Yes mate I am power tackle!! Am living on throat spray and strepsils!! The heat is uncomfortable but I agree it's manageable along as you keep carbs low can't say I notice a smell coming off me and my missis would be the first to say! Lol

I am using bulk powdered electrolytes powder taste disgusting it's like swimming on the sea!! I find mixing it with a raspberry vit c tablet on water is the best way and does not taste as bad!!

Pleased with results so far just gutted it did not tackle my love handles more!! Glad you enjoyed the thread. Will post after pics a good 5 days after stopping the dnp I hear that's wen u look your best?


----------



## skipper1987 (May 1, 2013)

sxbarnes said:


> sounds wise mate. you've lost some chub already. go back for the rest later....

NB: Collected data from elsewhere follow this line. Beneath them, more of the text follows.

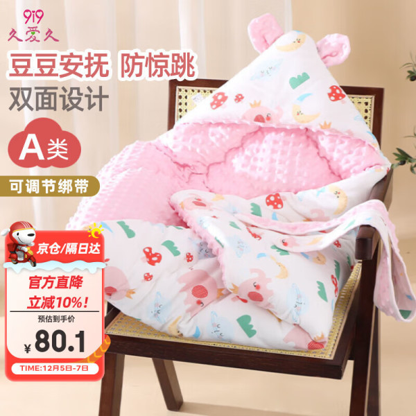 久爱久 新生儿抱被冬季加厚纯棉豆豆绒婴儿睡袋宝宝襁褓包巾包被粉90*90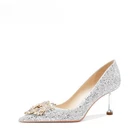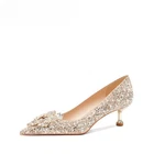 HomeWedding Dress Wedding Shoes Women Engagement Gold Crystal Heels Wedding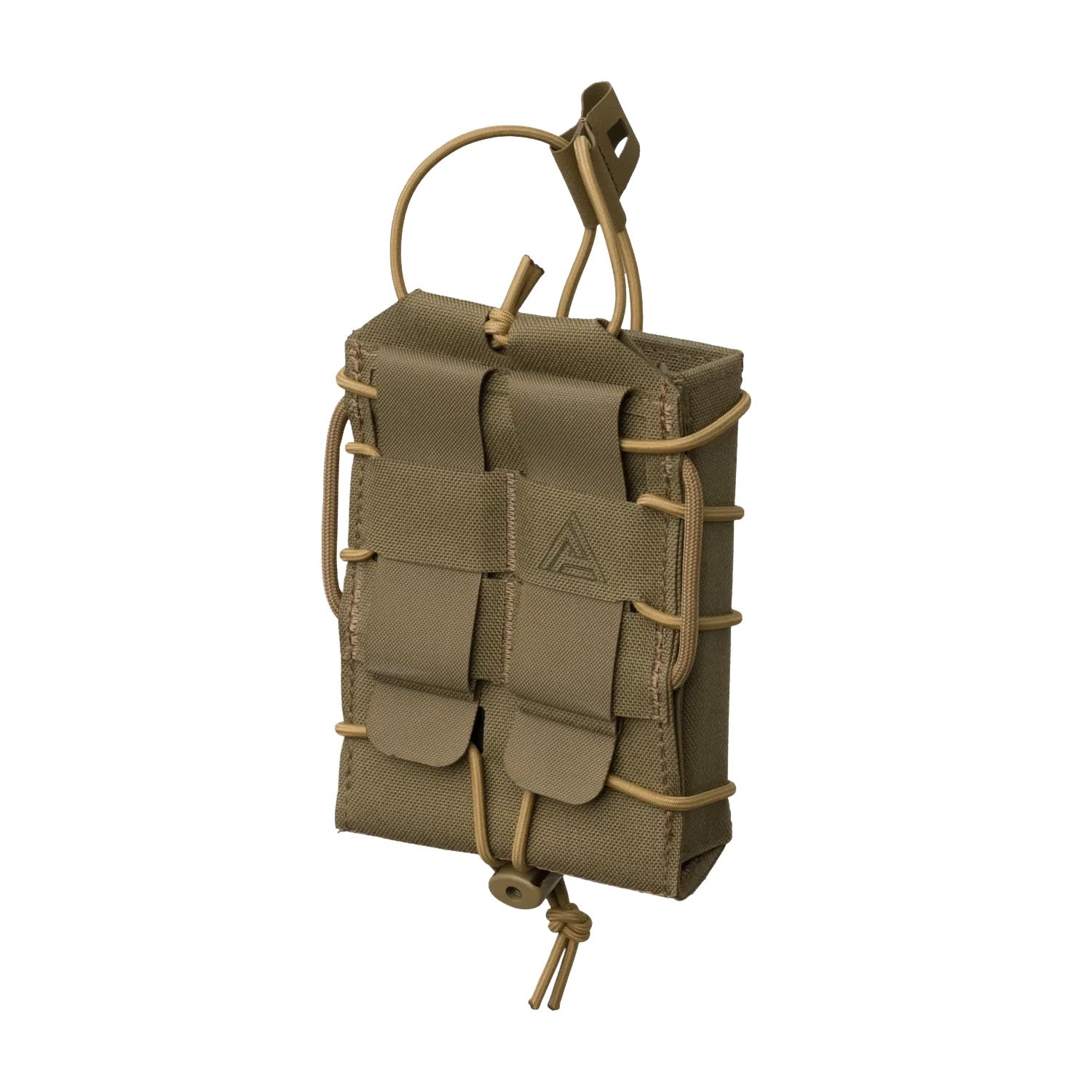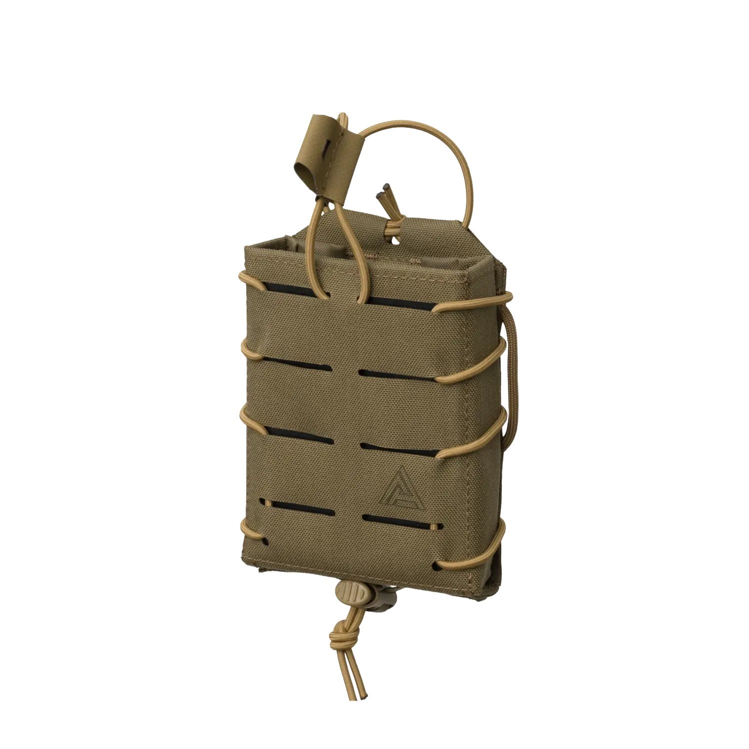 An open pouch designed for quick magazine changes while ensuring fully secure content transportation. It is intended for carrying .308WIN magazines, including their wider versions for the HK system. An internal Hypalon® patch, rigid structure, adjustable pouch circumference, and elastic bungee cord holders at the top prevent magazines from falling out. The pouch's rigidity allows for easy one-handed magazine insertion. It is compatible with the MOLLE/PALS system, and thanks to specially designed paracord loops, it can also be mounted on any gun belt up to 45 mm wide. The laser-cut modular system, compatible with MOLLE/PALS, placed on the front of the pouch, allows for stacking pouches on top of each other.
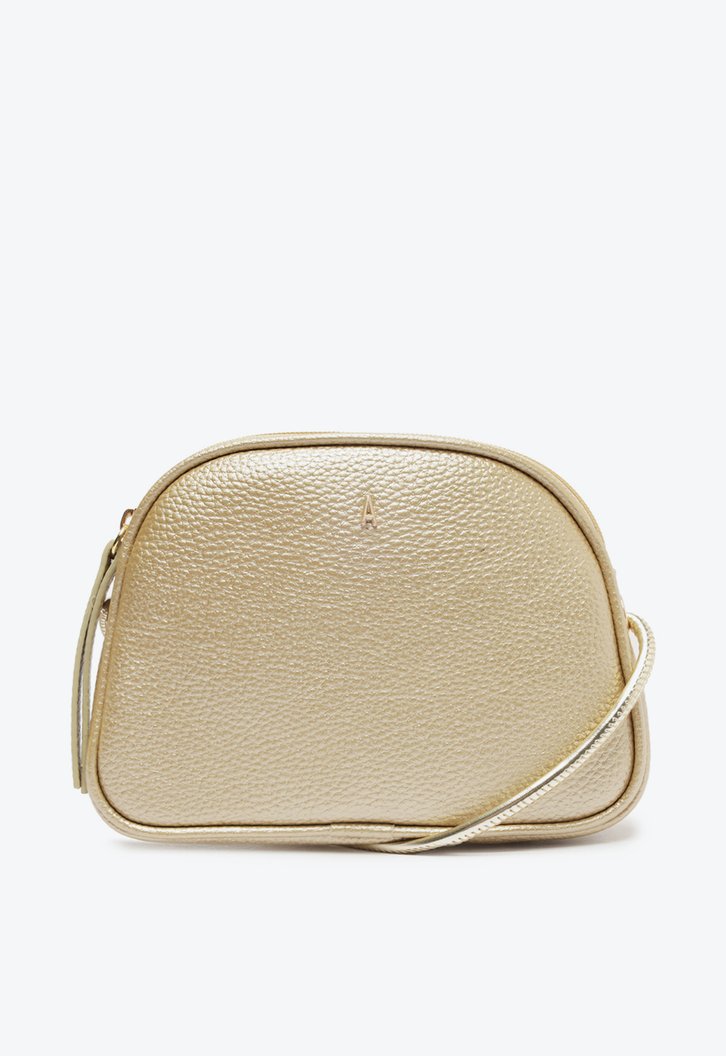Bolsa crossbody Anacapri dourada basic. De material similar ao couro com acabamento metalizado, a bolsa vem para a temporada em tamanho pequeno, com alça longa transversal. De shape arredondado, ela é forrada na parte interna, com fechamento superior em zíper com puxador em tira. O modelo traz nova assinatura exclusiva centralizada na capa frontal em aviamento metálico de mesmo tom da bolsa, com inscrição da inicial “A”, assinatura Anacapri.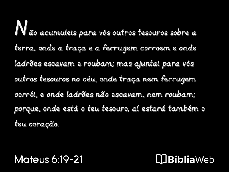 Versículos 19 a 21 de Mateus 6 da Bíblia. Almeida Revisada e Atualizada (1993)
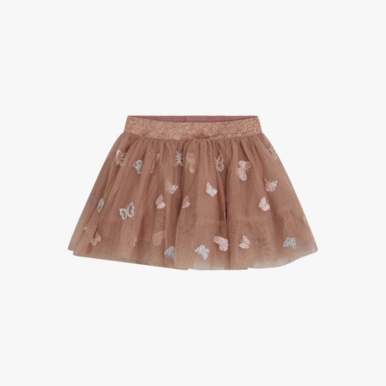 Skjørt med flere lag tyll med broderte sommerfugler på utsiden og mykt underskjørt på innsiden. Glitrende strikk i livet.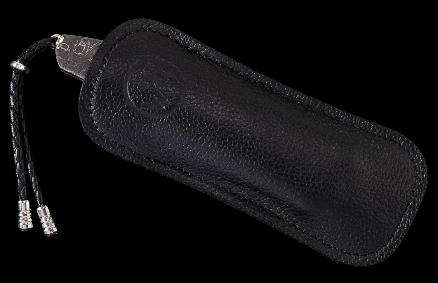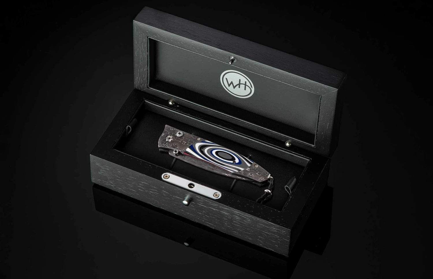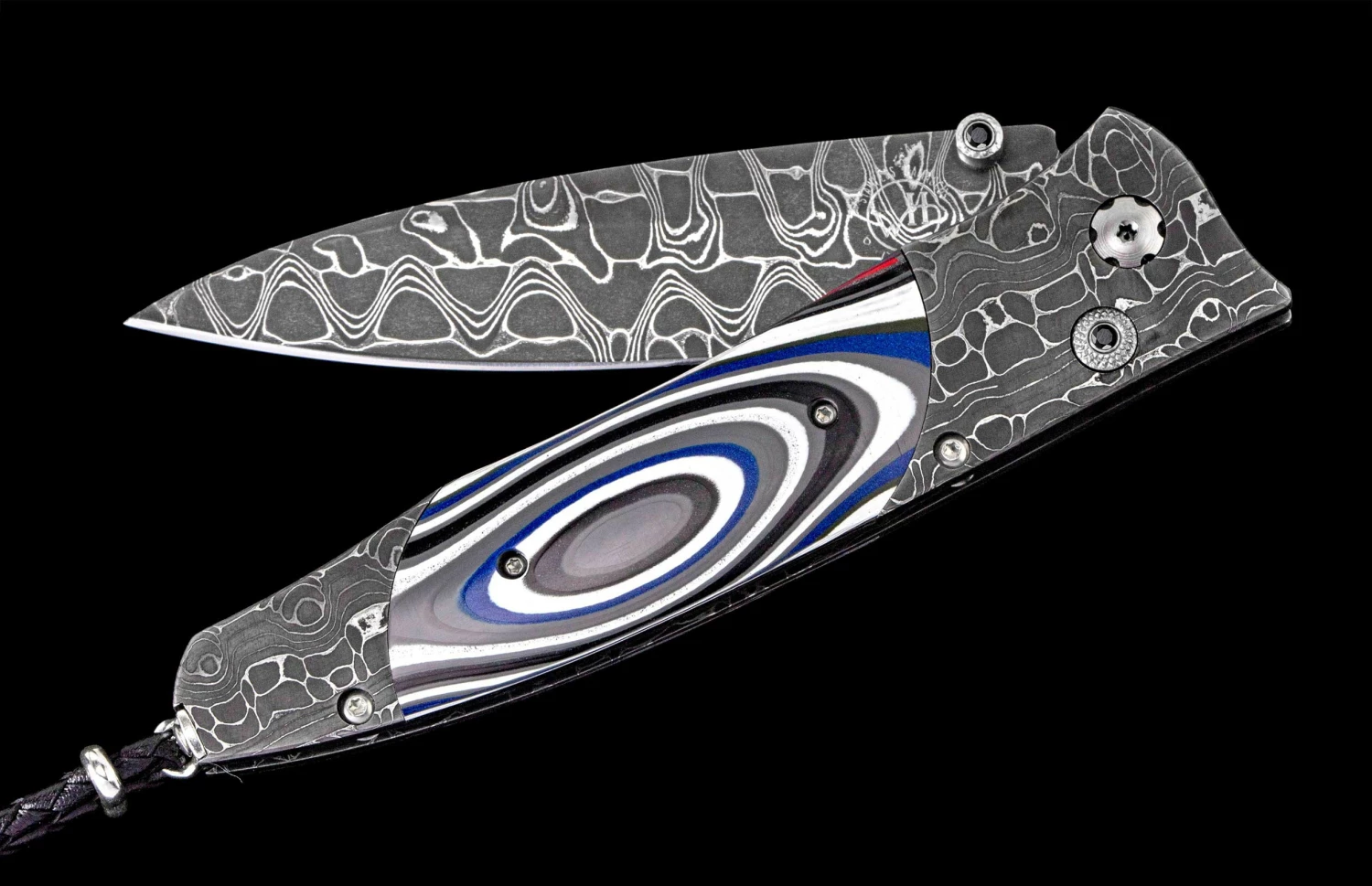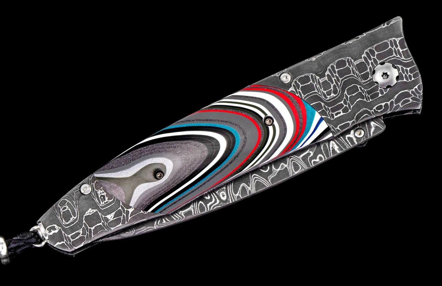 The Gentac ‘Off Road’ features beautiful bolsters in hand-forged ‘Croc Skin’ damascus by Chad Nichols, inlaid with Fordite. The blade is hand-forged ‘Intrepid’ damascus steel, also by Chad Nichols; the one-hand button lock and the thumb stud are set with spinel gemstones. An exceptional design that offers rigorous performance in a sleek, comfortable knife, the Gentac is also the perfect canvas to showcase William Henry’s range of exotic materials and techniques. The ‘Off Road’ features some of the exotic materials and forged metals that are the hallmark of William Henry’s collections; a distinctive personality statement to be worn and used for a lifetime.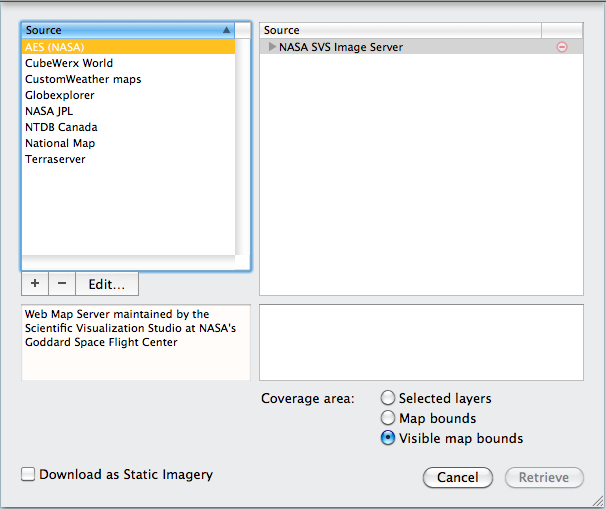 - Choose the WMS server to retrieve data from and then click Retrieve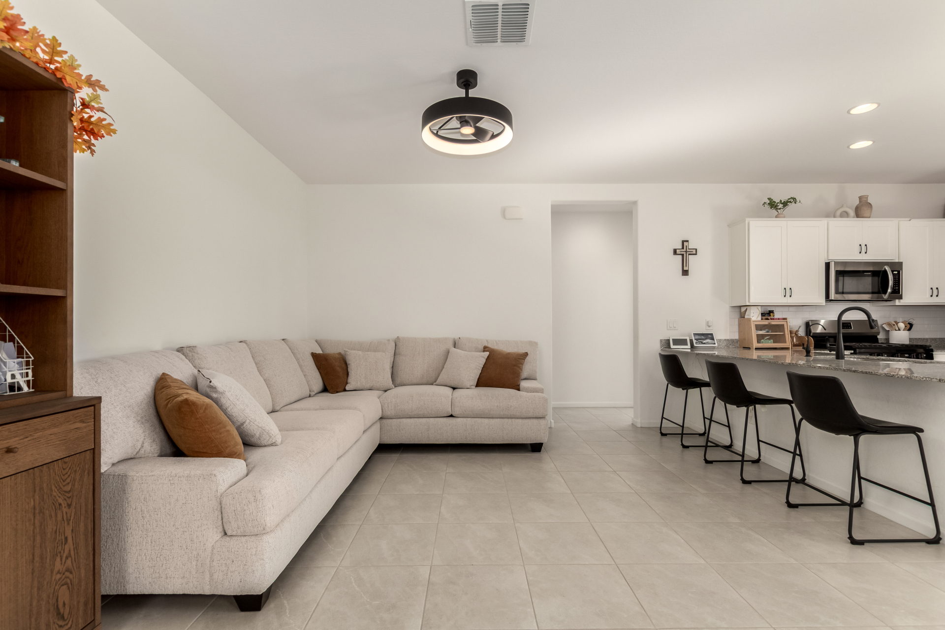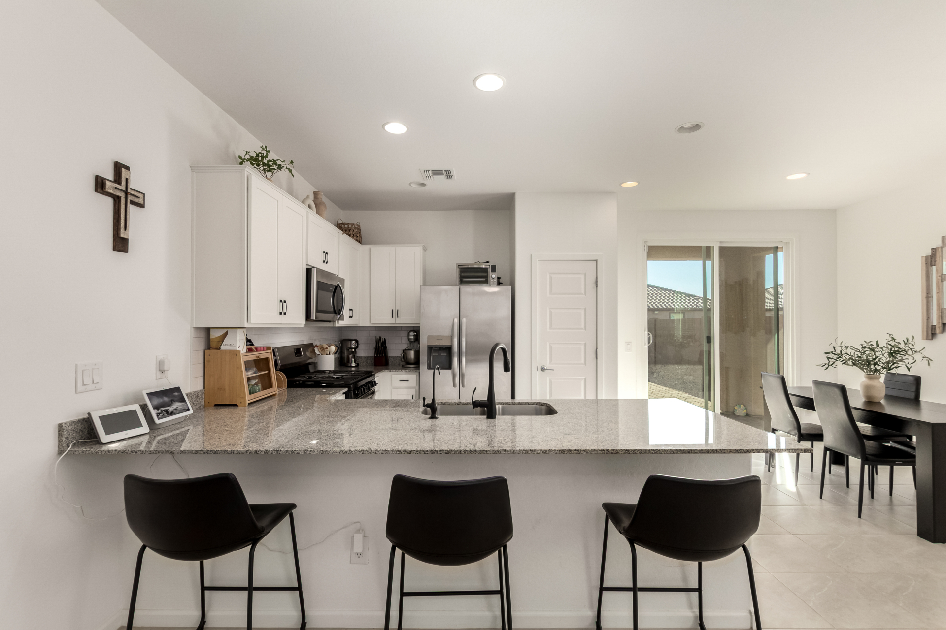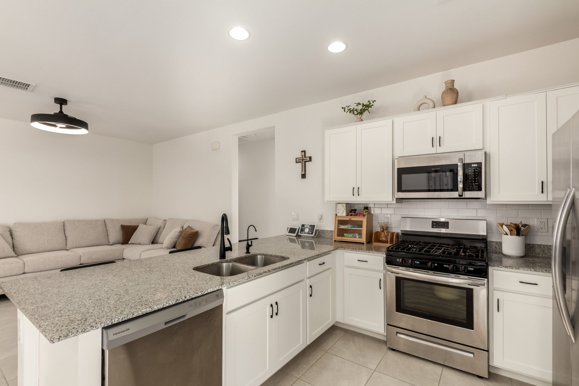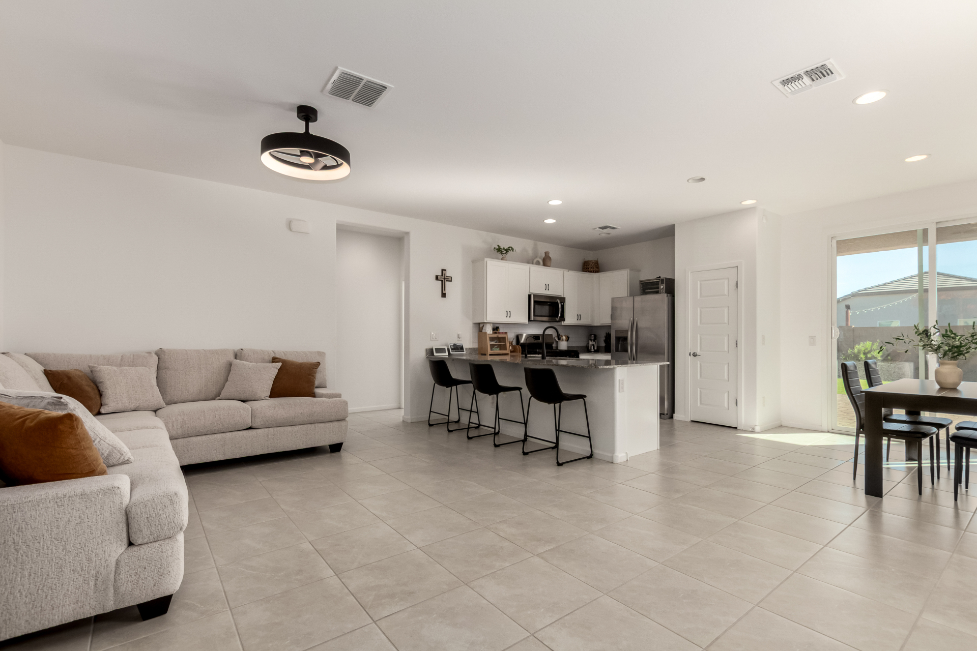 Better than new—without the wait! Enjoy a beautifully finished $11K backyard featuring low-maintenance synthetic turf, extensive pavers, and an automated watering system for the flowering shrubs creating your outdoor retreat. Inside, the open-concept layout seamlessly connects the great room, kitchen, and dining area for a bright, welcoming atmosphere. The primary suite offers a spacious walk-in closet and an ensuite bath with dual vanities. Additional upgrades include a whole-home water softener and a reverse osmosis drinking water system—adding comfort and quality to everyday living. Move in and make this your new Home Sweet Home today!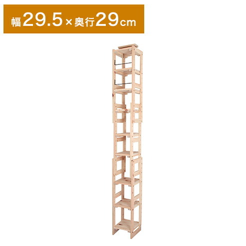 天然木 ヒノキ つっぱり シェルフ ラック 幅29.5 奥行き29 九段 9段 ブックラック 本棚 マガジンラック 北欧 おしゃれ 木製 収納 代引不可
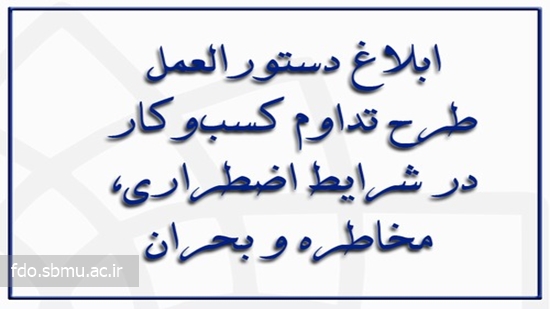 ابلاغ دستورالعمل طرح تداوم کسب و کار در شرایط اضطراری مخاطره و بحران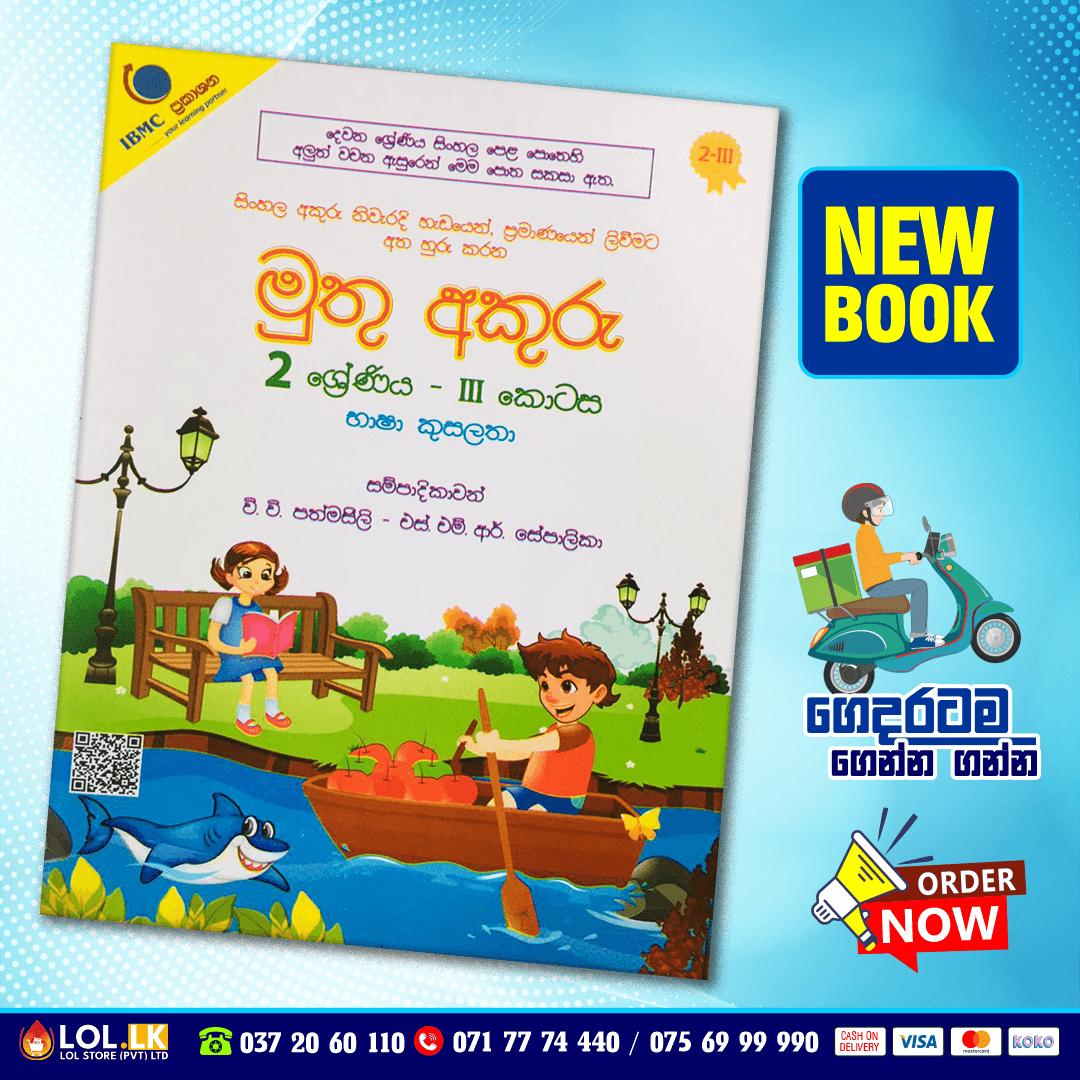 Buy Grade 02 Muthu Akuru – Basha Kusalatha workbook for Sinhala Medium students (Muthu Akuru Publication). මුතු අකුරු – භාෂා කුසලතා පොත සිංහල අකුරු නිවැරදි හැඩයෙන්, ප්රමාණයෙන් ලිවීමට අත හුරු කරන දෙවන ශ්රේණියේ ගුරු මාර්ගෝපදේශයට අනුව ඉගැන්වීමට නියමිත අක්ෂර 24 ක් අන්තර්ගතයි.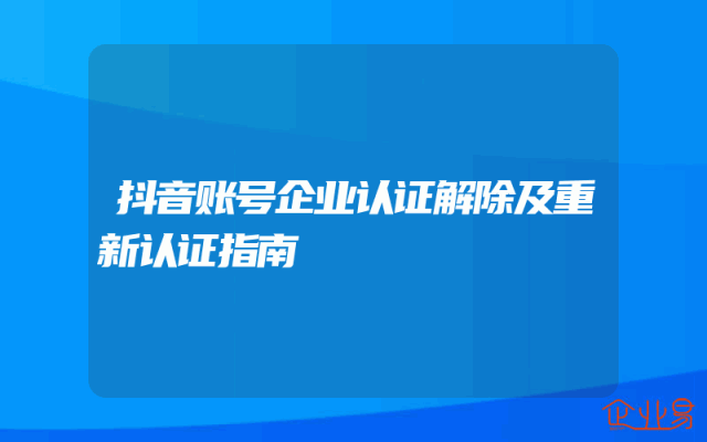 - 抖音账号企业认证解除及重新认证指南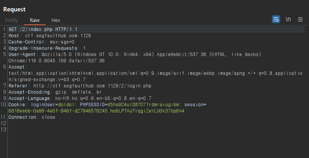์์ฒญ(Request)์์ Cookie: loginUser=doldol; PHPSESSID=45hs924ul387071rdmravugibm; session=6818eebb-0a66-4e0f-846f-d27946576245.ho6LPTAuTVqgiZwYLUOk37Up6A4 ๋ฅผ ํ์ธ ๊ฐ๋ฅํ๋ค.

Cheers man!! So is this you giving me the GREEN LIGHT BULK ON??? Hahah


----------



## sxbarnes (Dec 1, 2005)

skipper1987 said:


> Cheers man!! So is this you giving me the GREEN LIGHT BULK ON??? Hahah


haha not yet mate! 

wanna see them obliques....


----------



## skipper1987 (May 1, 2013)

Cals have been low again today feel like crap so gonna miss training again! Impressed cals have stayed low since I had 2 lamb rumps for tea covered in nandos BBQ
View attachment 167228
View attachment 167229


----------



## skipper1987 (May 1, 2013)

sxbarnes said:


> haha not yet mate!
> 
> wanna see them obliques....


 Fssssss come back next year!! Am a long way from lean!! Ha


----------



## sxbarnes (Dec 1, 2005)

skipper1987 said:


> Fssssss come back next year!! Am a long way from lean!! Ha


will be quicker than that mate. keep this diet up and you'll breeze it...


----------



## Growing Lad (Feb 14, 2009)

skipper1987 said:


> Yes mate I am power tackle!! Am living on throat spray and strepsils!! The heat is uncomfortable but I agree it's manageable along as you keep carbs low can't say I notice a smell coming off me and my missis would be the first to say! Lol
> 
> I am using bulk powdered electrolytes powder taste disgusting it's like swimming on the sea!! I find mixing it with a raspberry vit c tablet on water is the best way and does not taste as bad!!
> 
> Pleased with results so far just gutted it did not tackle my love handles more!! Glad you enjoyed the thread. Will post after pics a good 5 days after stopping the dnp I hear that's wen u look your best?


Ahh bollox, was hoping you'd say you found an electrolyte powder that tasted awesome! Seriously taste disgusting eh.

Mate some of farts mske me wonder if my insides are actually rotting,... 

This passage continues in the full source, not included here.